═════ INFORMATION GIVEN

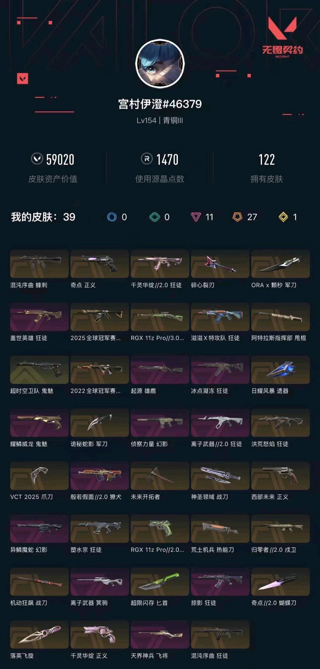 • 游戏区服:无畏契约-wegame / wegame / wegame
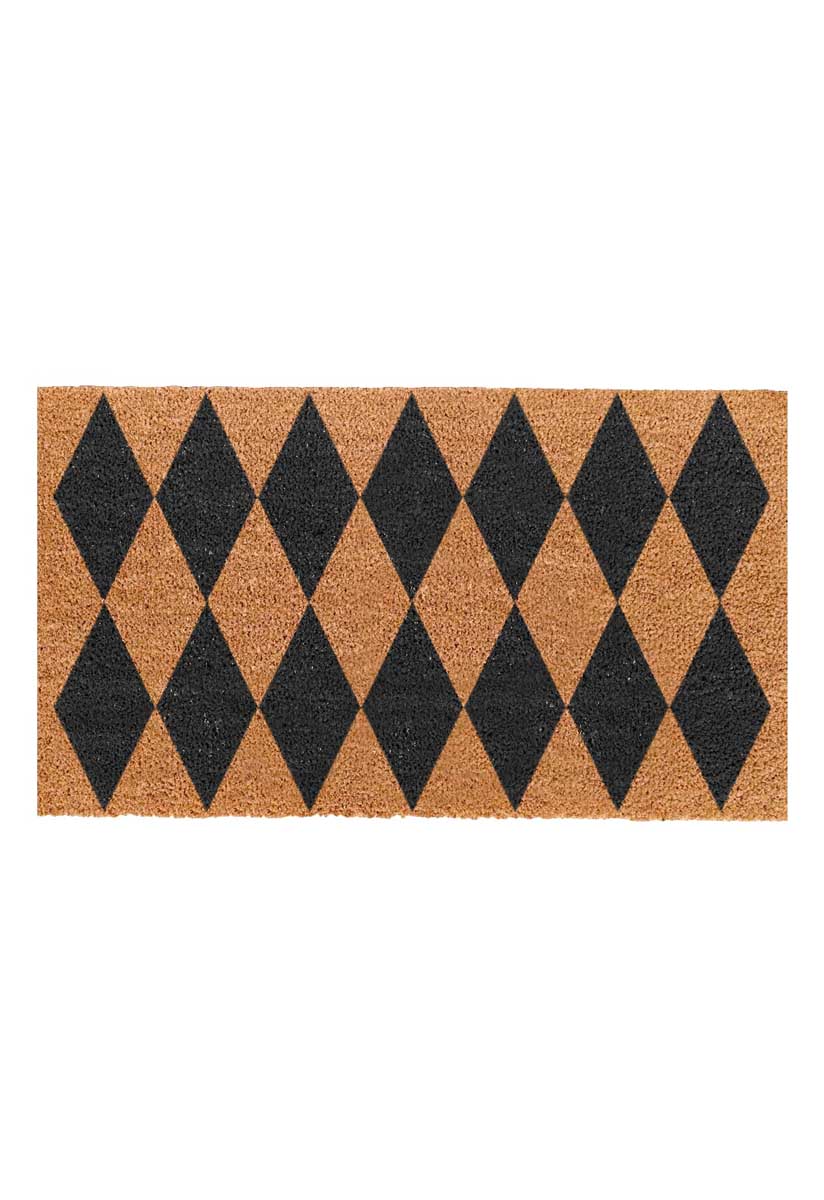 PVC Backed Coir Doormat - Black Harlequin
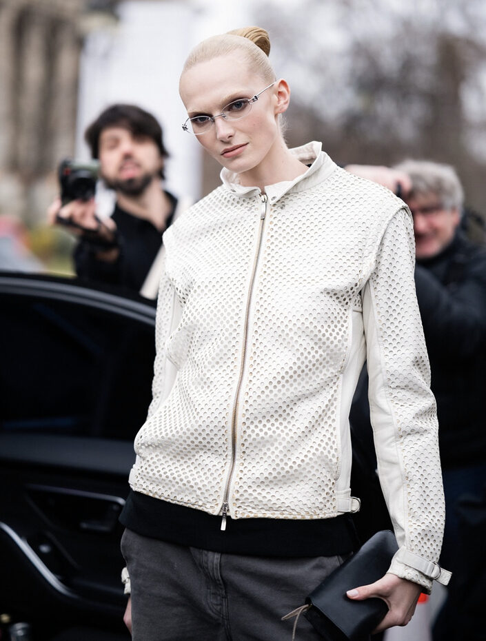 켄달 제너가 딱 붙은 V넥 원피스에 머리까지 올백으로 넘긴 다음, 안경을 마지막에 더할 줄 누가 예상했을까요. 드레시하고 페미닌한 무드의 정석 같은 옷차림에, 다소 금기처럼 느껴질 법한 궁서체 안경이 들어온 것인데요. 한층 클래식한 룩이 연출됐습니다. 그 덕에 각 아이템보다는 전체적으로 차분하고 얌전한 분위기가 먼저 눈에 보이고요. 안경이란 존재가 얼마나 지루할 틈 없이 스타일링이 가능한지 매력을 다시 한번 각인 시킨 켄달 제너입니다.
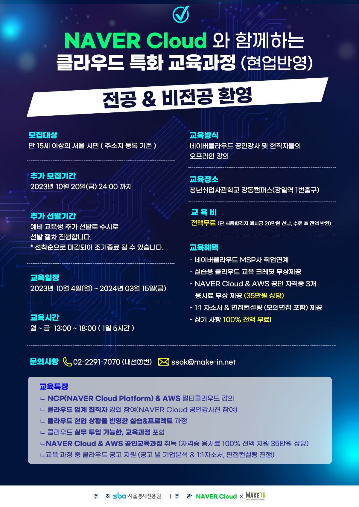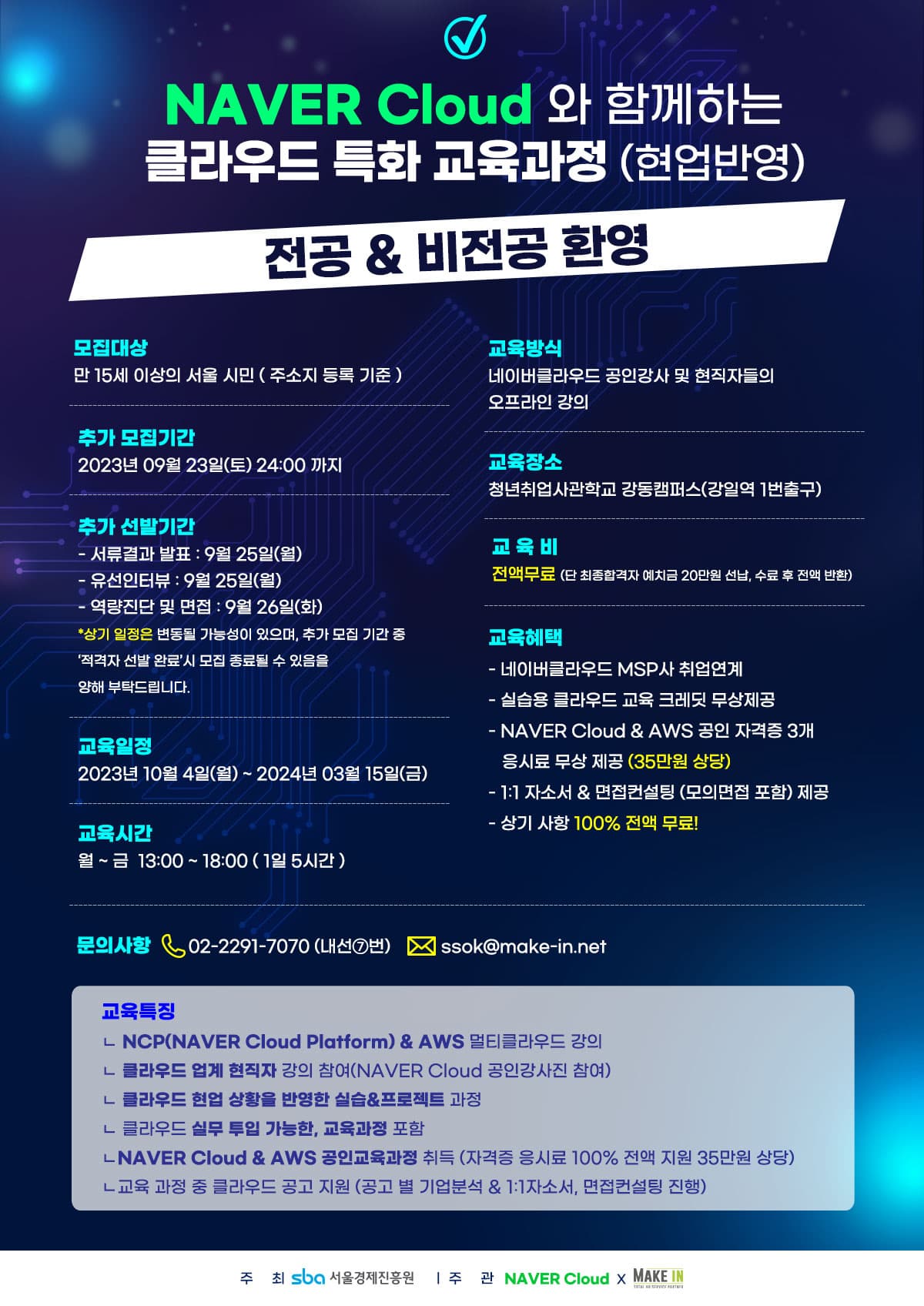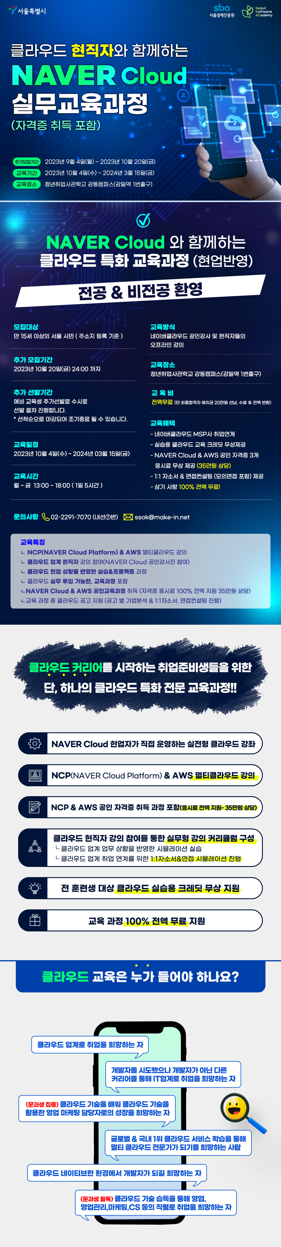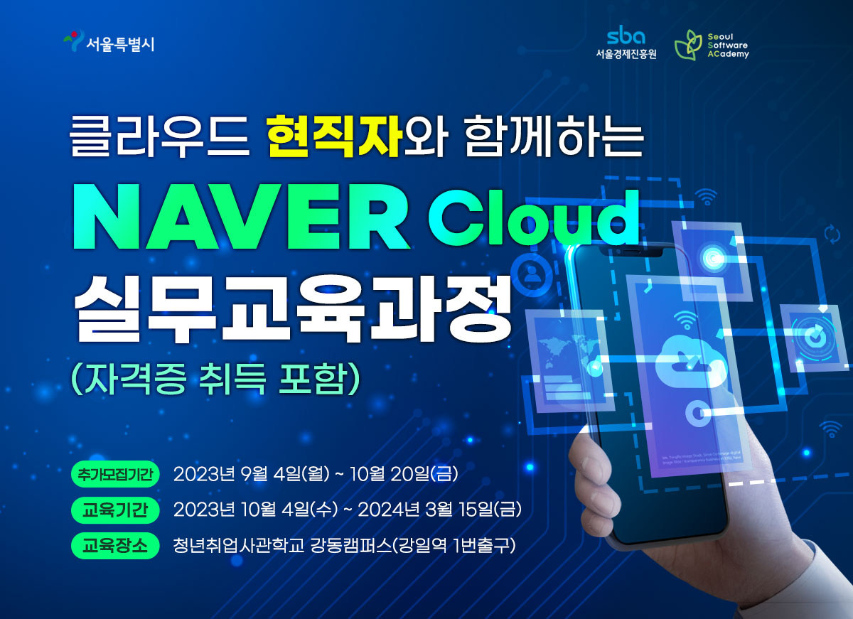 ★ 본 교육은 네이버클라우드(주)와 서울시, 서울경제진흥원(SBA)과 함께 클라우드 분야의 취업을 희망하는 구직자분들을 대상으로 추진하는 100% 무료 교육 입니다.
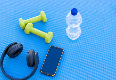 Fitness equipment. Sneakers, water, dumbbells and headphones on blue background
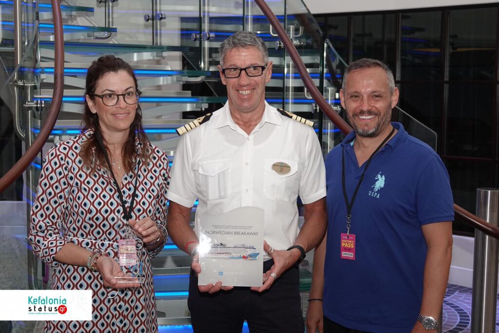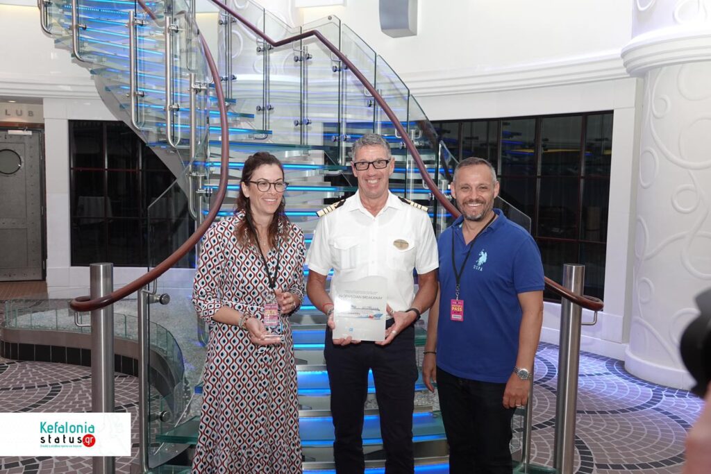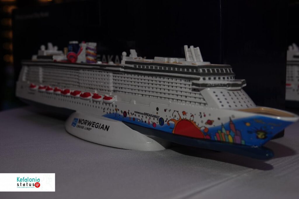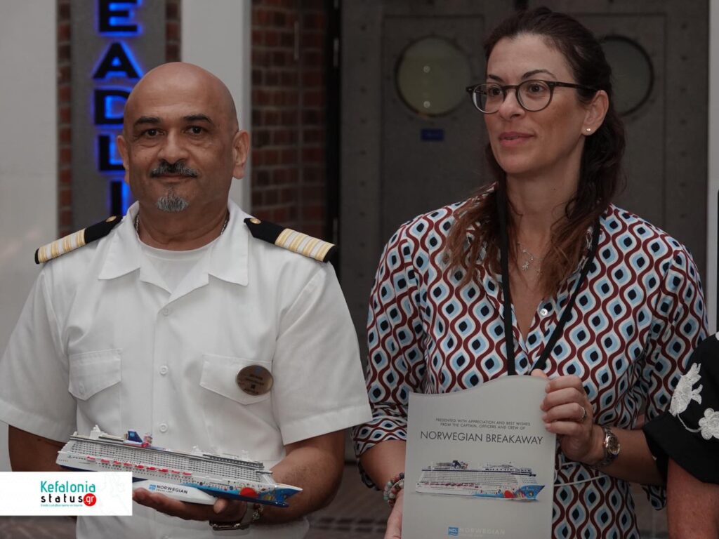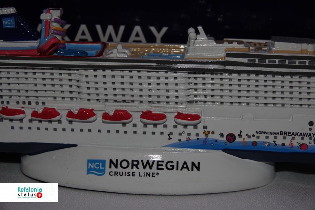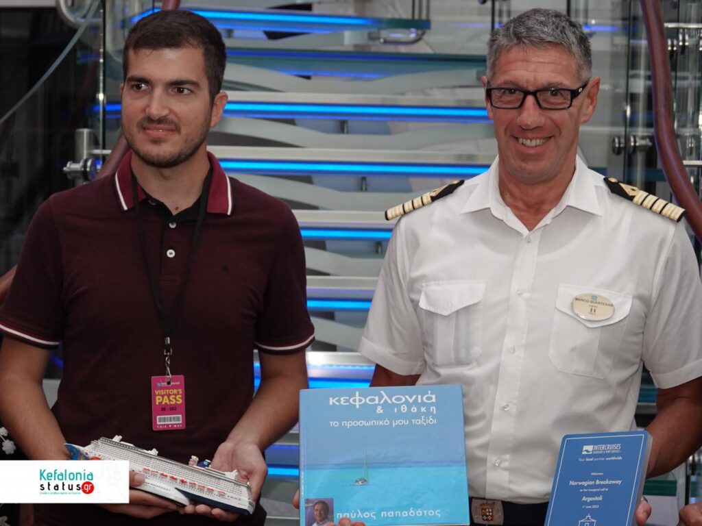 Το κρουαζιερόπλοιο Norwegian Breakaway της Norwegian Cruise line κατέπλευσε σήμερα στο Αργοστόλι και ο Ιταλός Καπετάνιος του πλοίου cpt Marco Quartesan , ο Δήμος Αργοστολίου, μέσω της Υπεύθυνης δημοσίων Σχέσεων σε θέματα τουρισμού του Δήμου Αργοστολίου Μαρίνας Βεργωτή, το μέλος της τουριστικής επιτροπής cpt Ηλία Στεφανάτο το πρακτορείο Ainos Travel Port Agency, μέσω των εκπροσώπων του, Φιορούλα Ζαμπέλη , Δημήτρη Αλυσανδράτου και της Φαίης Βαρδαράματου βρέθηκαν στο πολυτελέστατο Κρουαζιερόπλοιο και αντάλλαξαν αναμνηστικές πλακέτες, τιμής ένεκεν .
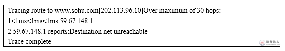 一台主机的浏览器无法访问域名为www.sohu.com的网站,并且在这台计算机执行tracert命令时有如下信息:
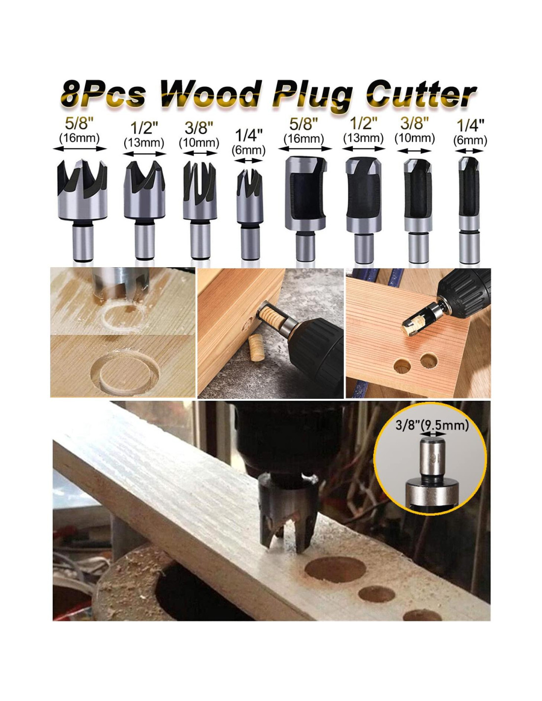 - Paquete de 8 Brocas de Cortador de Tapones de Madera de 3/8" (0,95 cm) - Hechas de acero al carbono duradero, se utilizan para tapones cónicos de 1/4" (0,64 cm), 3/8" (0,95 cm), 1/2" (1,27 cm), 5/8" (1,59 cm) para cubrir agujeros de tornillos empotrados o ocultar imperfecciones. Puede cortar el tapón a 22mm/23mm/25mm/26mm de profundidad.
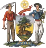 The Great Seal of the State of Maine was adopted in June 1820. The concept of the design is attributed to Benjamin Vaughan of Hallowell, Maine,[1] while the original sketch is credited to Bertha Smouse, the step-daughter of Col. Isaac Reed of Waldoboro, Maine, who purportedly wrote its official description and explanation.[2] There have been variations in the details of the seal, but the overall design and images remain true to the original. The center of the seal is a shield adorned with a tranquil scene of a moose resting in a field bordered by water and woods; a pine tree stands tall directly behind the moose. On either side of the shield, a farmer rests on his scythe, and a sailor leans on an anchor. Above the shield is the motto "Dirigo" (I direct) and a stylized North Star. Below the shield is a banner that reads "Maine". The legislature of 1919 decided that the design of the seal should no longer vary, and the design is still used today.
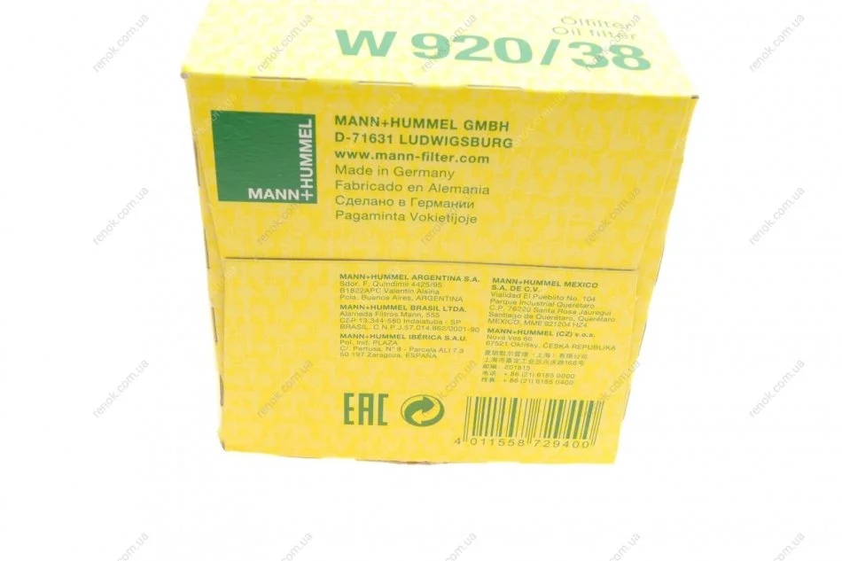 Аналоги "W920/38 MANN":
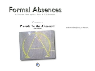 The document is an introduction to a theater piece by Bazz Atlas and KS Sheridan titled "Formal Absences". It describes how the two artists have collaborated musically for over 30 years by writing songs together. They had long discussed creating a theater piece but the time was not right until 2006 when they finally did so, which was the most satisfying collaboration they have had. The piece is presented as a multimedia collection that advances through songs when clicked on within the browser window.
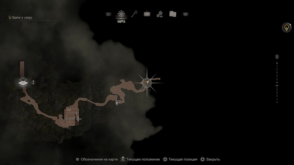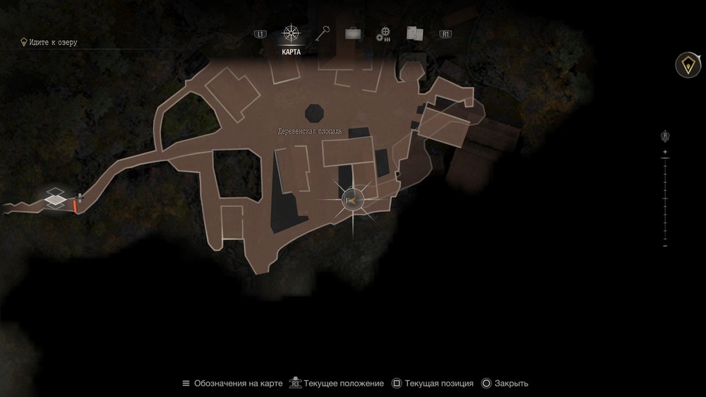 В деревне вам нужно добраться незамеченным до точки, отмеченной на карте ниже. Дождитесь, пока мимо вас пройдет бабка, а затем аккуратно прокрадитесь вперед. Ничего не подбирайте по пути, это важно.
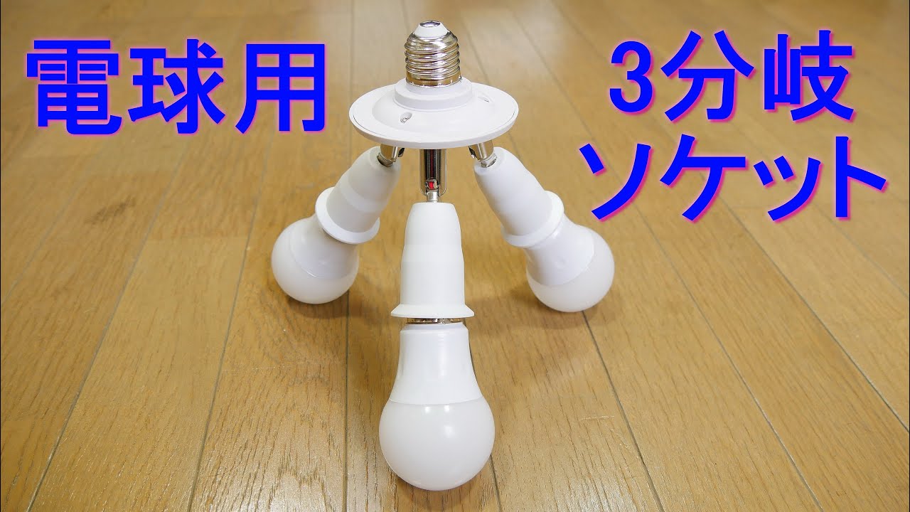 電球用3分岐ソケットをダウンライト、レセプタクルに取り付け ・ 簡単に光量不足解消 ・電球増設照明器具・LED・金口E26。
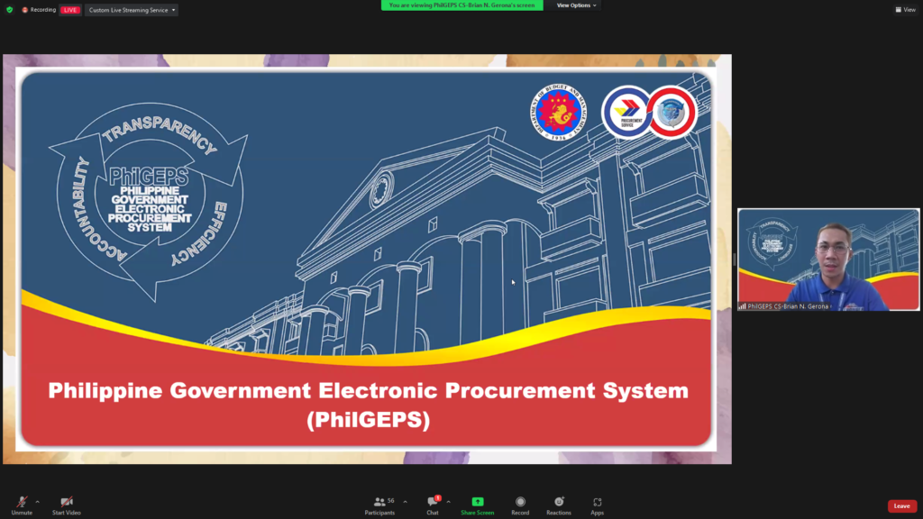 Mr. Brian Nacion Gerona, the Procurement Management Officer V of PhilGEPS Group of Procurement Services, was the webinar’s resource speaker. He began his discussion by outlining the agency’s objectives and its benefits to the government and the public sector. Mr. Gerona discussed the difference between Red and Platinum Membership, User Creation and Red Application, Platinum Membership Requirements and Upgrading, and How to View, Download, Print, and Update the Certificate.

══════════

### AIM OF THE TASK
Please reproduce, word for word, only the lines from the line that holds "The document is" through the final line of the entries above, omitting any pictures.

### ANSWER FOR THE TASK
 The document is an introduction to a theater piece by Bazz Atlas and KS Sheridan titled "Formal Absences". It describes how the two artists have collaborated musically for over 30 years by writing songs together. They had long discussed creating a theater piece but the time was not right until 2006 when they finally did so, which was the most satisfying collaboration they have had. The piece is presented as a multimedia collection that advances through songs when clicked on within the browser window.
 В деревне вам нужно добраться незамеченным до точки, отмеченной на карте ниже. Дождитесь, пока мимо вас пройдет бабка, а затем аккуратно прокрадитесь вперед. Ничего не подбирайте по пути, это важно.
 電球用3分岐ソケットをダウンライト、レセプタクルに取り付け ・ 簡単に光量不足解消 ・電球増設照明器具・LED・金口E26。
 Mr. Brian Nacion Gerona, the Procurement Management Officer V of PhilGEPS Group of Procurement Services, was the webinar’s resource speaker. He began his discussion by outlining the agency’s objectives and its benefits to the government and the public sector. Mr. Gerona discussed the difference between Red and Platinum Membership, User Creation and Red Application, Platinum Membership Requirements and Upgrading, and How to View, Download, Print, and Update the Certificate.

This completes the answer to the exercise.